= Instructions for the task =
What you return should be every line below, word for word, and none of the images.

Records excerpted from a collection:
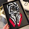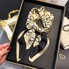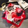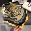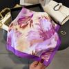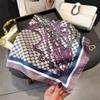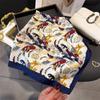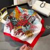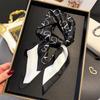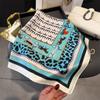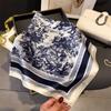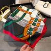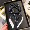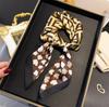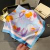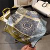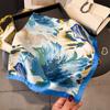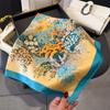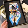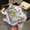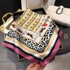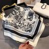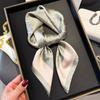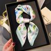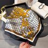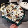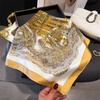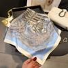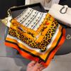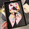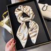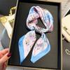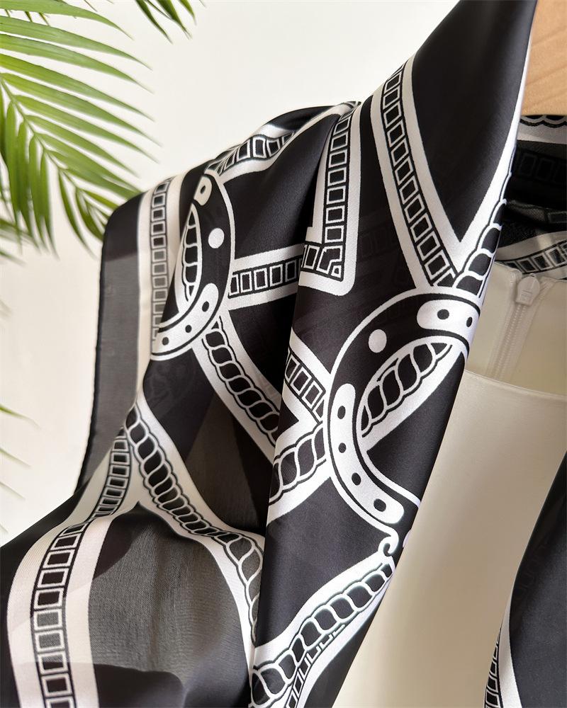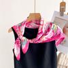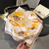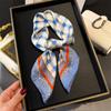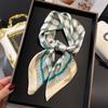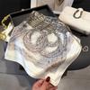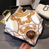 Pañuelo cuadrado pequeño de estilo francés con cadena de lujo, estampado de seda, estilo elegante, para primavera y verano, para mujer
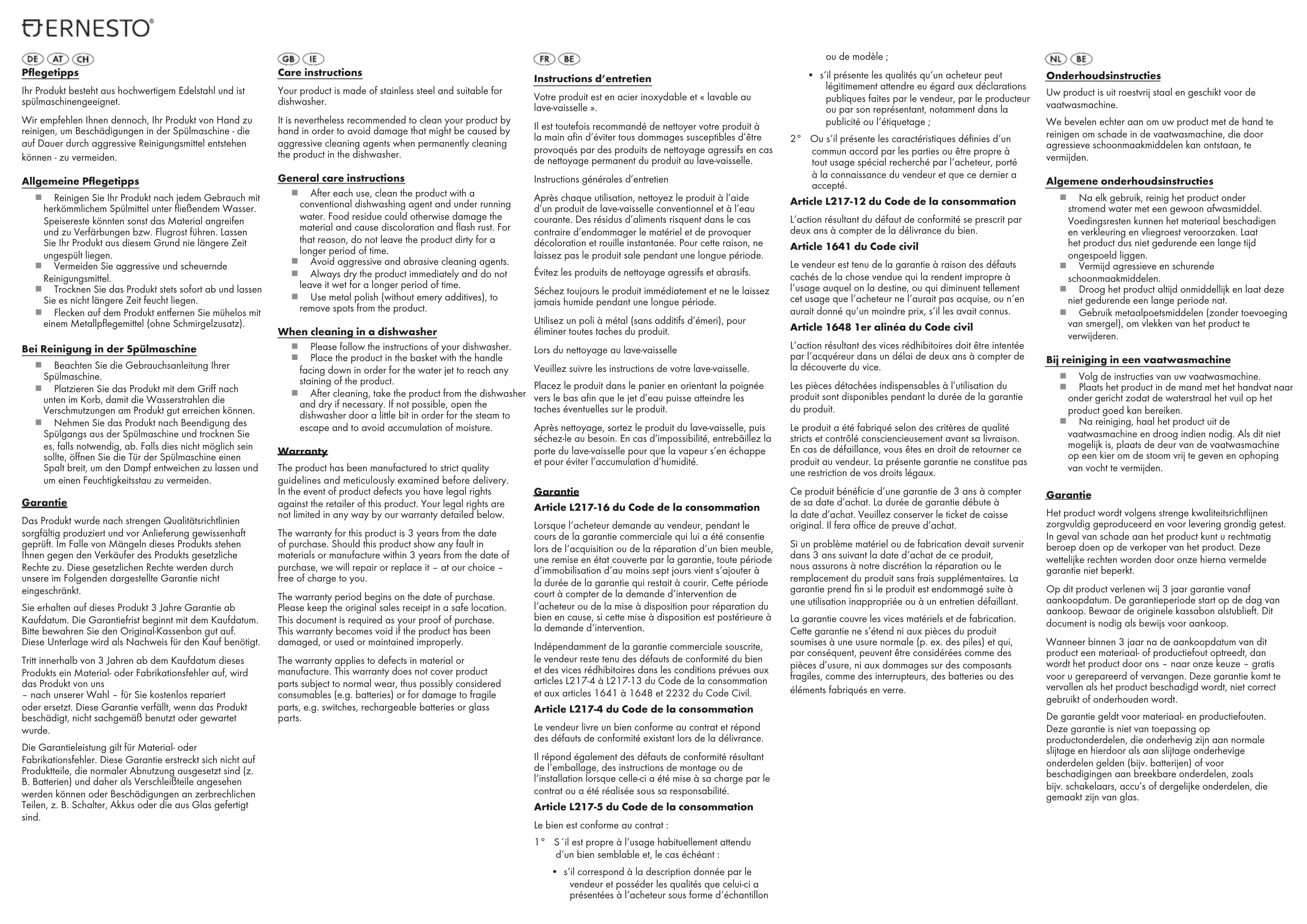 Les pièces de rechange peuvent être commandées auprès du service client d'Ernesto ou dans les magasins agréés.
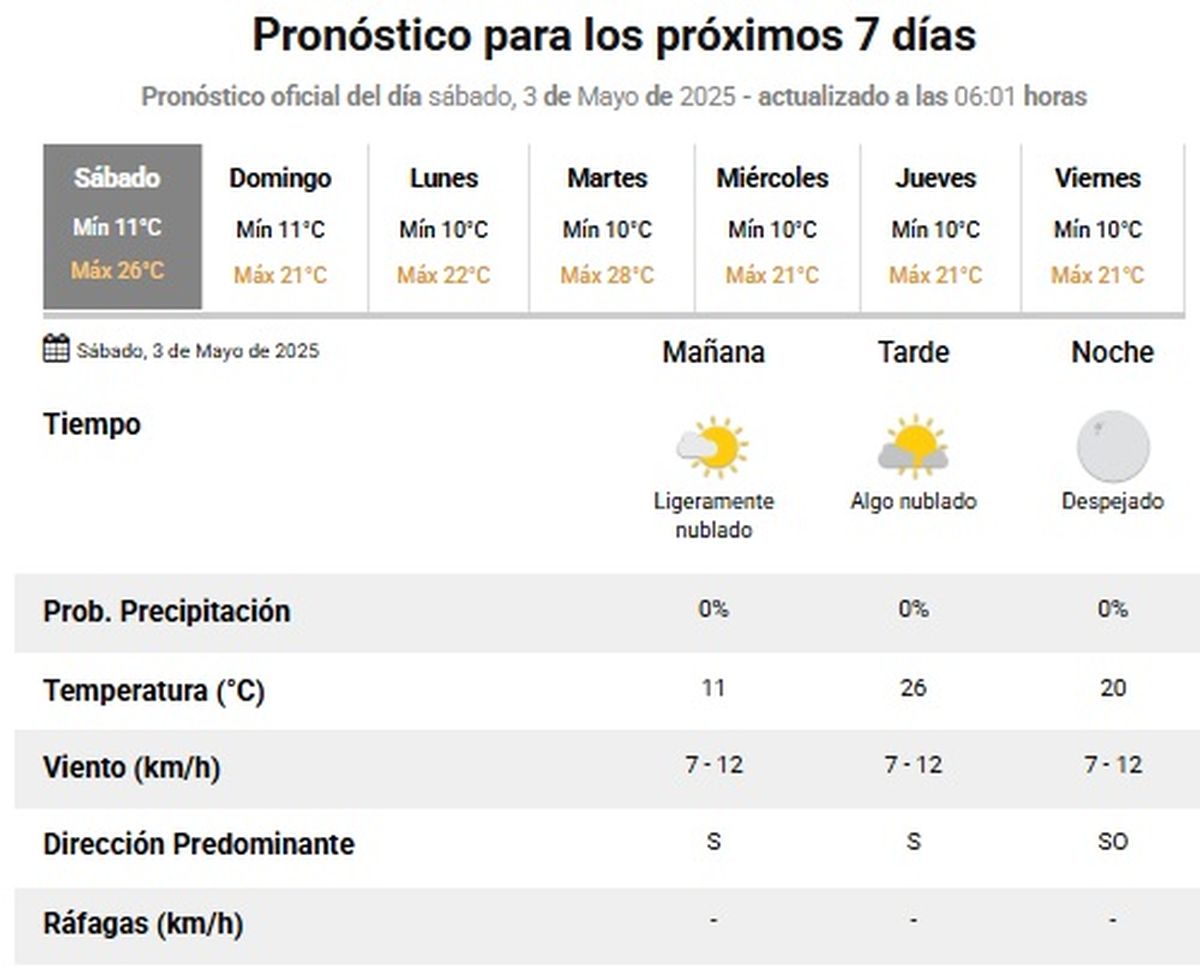 El sábado arrancó con leve brisa del norte y cielo despejado. Según el Servicio Meteorológico Nacional, se espera una temperatura máxima de 26°C.
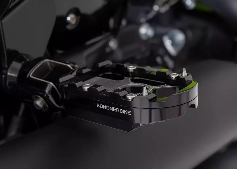 CNC-machined aluminum hand grips by Bündnerbike provide a secure grip, precise control, and a premium tactile feel. Their ergonomic shape and high-quality finish reflect the machine aesthetics that define this build. Matching CNC-machined foot pegs for both rider and passenger offer excellent stability and comfort, combining durability, functionality, and refined style.
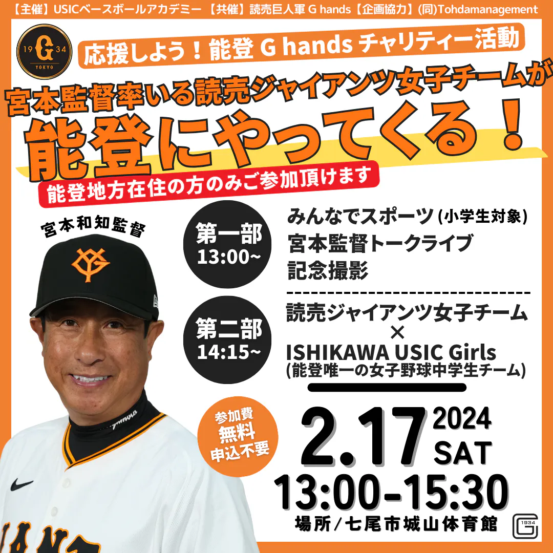 そんな活動を続けている中で、奇跡のようなご縁を頂きました。元読売巨人軍のピッチャーで、現在は読売ジャイアンツ女子野球チームの監督を務める宮本和知監督から「女子選手を連れて能登に行かせて欲しい」とご連絡を頂きました。

= Result of the exercise =
 Pañuelo cuadrado pequeño de estilo francés con cadena de lujo, estampado de seda, estilo elegante, para primavera y verano, para mujer
 Les pièces de rechange peuvent être commandées auprès du service client d'Ernesto ou dans les magasins agréés.
 El sábado arrancó con leve brisa del norte y cielo despejado. Según el Servicio Meteorológico Nacional, se espera una temperatura máxima de 26°C.
 CNC-machined aluminum hand grips by Bündnerbike provide a secure grip, precise control, and a premium tactile feel. Their ergonomic shape and high-quality finish reflect the machine aesthetics that define this build. Matching CNC-machined foot pegs for both rider and passenger offer excellent stability and comfort, combining durability, functionality, and refined style.
 そんな活動を続けている中で、奇跡のようなご縁を頂きました。元読売巨人軍のピッチャーで、現在は読売ジャイアンツ女子野球チームの監督を務める宮本和知監督から「女子選手を連れて能登に行かせて欲しい」とご連絡を頂きました。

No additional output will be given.